If you love helping people then medicine can be a good choice. But practicing
medicine has changed considerably in the last 10-20 years with managed care.
While I come from a family involved in medicine, I was always encouraged to
pursue my passion for computers instead because the rewards of being a doctors
are just not what they were. You might be painting a picture a bit too pretty
for the lifestyle of the average doctor.

------
davidu
Do both, like my doctor:
<http://www.nytimes.com/2008/04/15/health/15well.html?8dpc>

------
monological
You can look at it this way...

Taking the entrepreneurial path will equip you with a multi-faceted skill set,
kind of like a swiss army knife, and if all goes will, some money in the bank
too. In my opinion, you can use the skills and capital to develop a product or
service that could help people on a much larger scale. However, in the end, we
still need a doctor in the house. God knows you love it all...I suggest you
start asking Him what you really should be doing.

------
sonink
It seems like entrepreneurship is what you are really excited about, but
medicine appeals more to your altruistic self.

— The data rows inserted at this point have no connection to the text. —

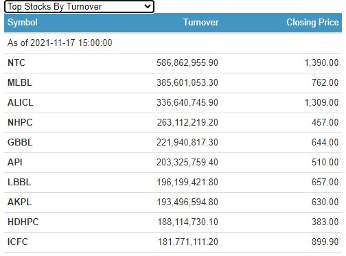 आज नेप्सेमा हरियाली छाउँदा कारोबार समेत बढ्न पुगेको छ । आज सर्वाधिक कारोबार हुने कम्पनीमा नेपाल दूरसंचार (एनटिसी) रहेको छ । कम्पनीको आज एकैदिन ५८ करोड ६८ लाख ६२ हजार ९५५ रुपैयाँको कारोबार भएको हो ।
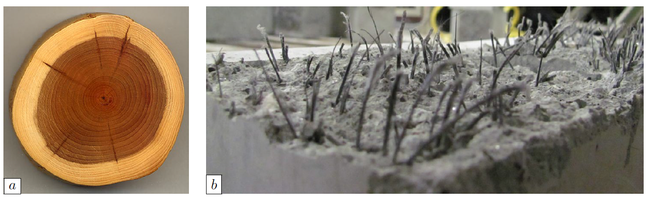Fig. 3.5 Two different elastic materials: (a) Wood is an orthotropic material with large stiffness in the direction of the grain, low stiffness in the radial direction, and intermediate stiffness in the azimuthal direction; (b) Fiber-reinforced concrete is a transversely isotropic material: it is much stiffer in the direction of the metallic fibers than in the orthogonal directions.¶
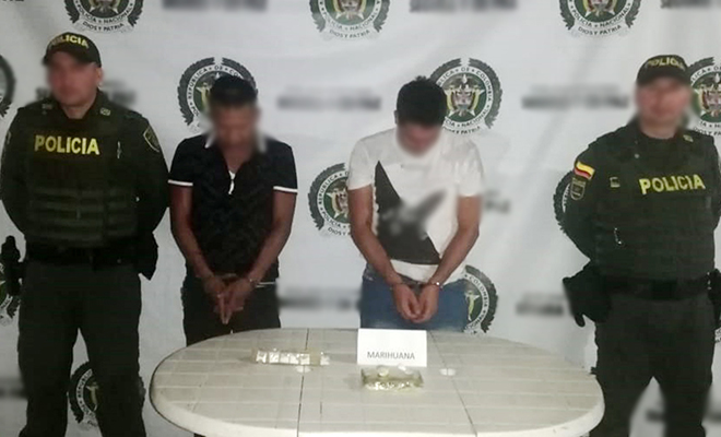 En desarrollo del Plan de Choque “Construyendo Seguridad”, el Departamento de Policía Meta logró la captura de dos hombres de 31 y 37 años de edad, a quienes unidades de Vigilancia Comunitaria por Cuadrantes, les hallaron en su poder 300 gramos de marihuana y cinco de clorhidrato de cocaína, que pretendían comercializar de manera clandestina en el casco urbano de San Martín. Sacando más de 300 dosis personales del alcance de la comunidad, especialmente de nuestros jóvenes.

Clearly, you should go for entrepreneurship - also there are going to be ample
opportunities in entrepreneurship to truly help people - possibly have a
bigger impact then you might have by studying medicine which will take care of
your altruistic leanings.

------
hpvic03
If you are successful as an entrepreneur you could do much more good with the
wealth you've created than you could as a doctor, even if you spent the rest
of your life helping people one on one.

That said, success is far from guaranteed.

------
iloveyouocean
Have you also posed this question to a Medical Forum? Of course the people
here are going to advocate entrepreneurship.

------
LPTS
You can probably have a bigger impact on health as an entrepreneur than a
doctor.

I'm working on a start up addressing the medication adherence problem. I think
a solution to a problem like that helps more people then an MD in most
circumstances would and represents the exciting lifestyle you love. I think
you got yourself a false dichotomy set up.

It sounds to me like you have a passion for technology and a guilt issue
around helping people with health care. You're saying "on one hand, I feel
obligated towards A, and on the other, I've dreamed of B."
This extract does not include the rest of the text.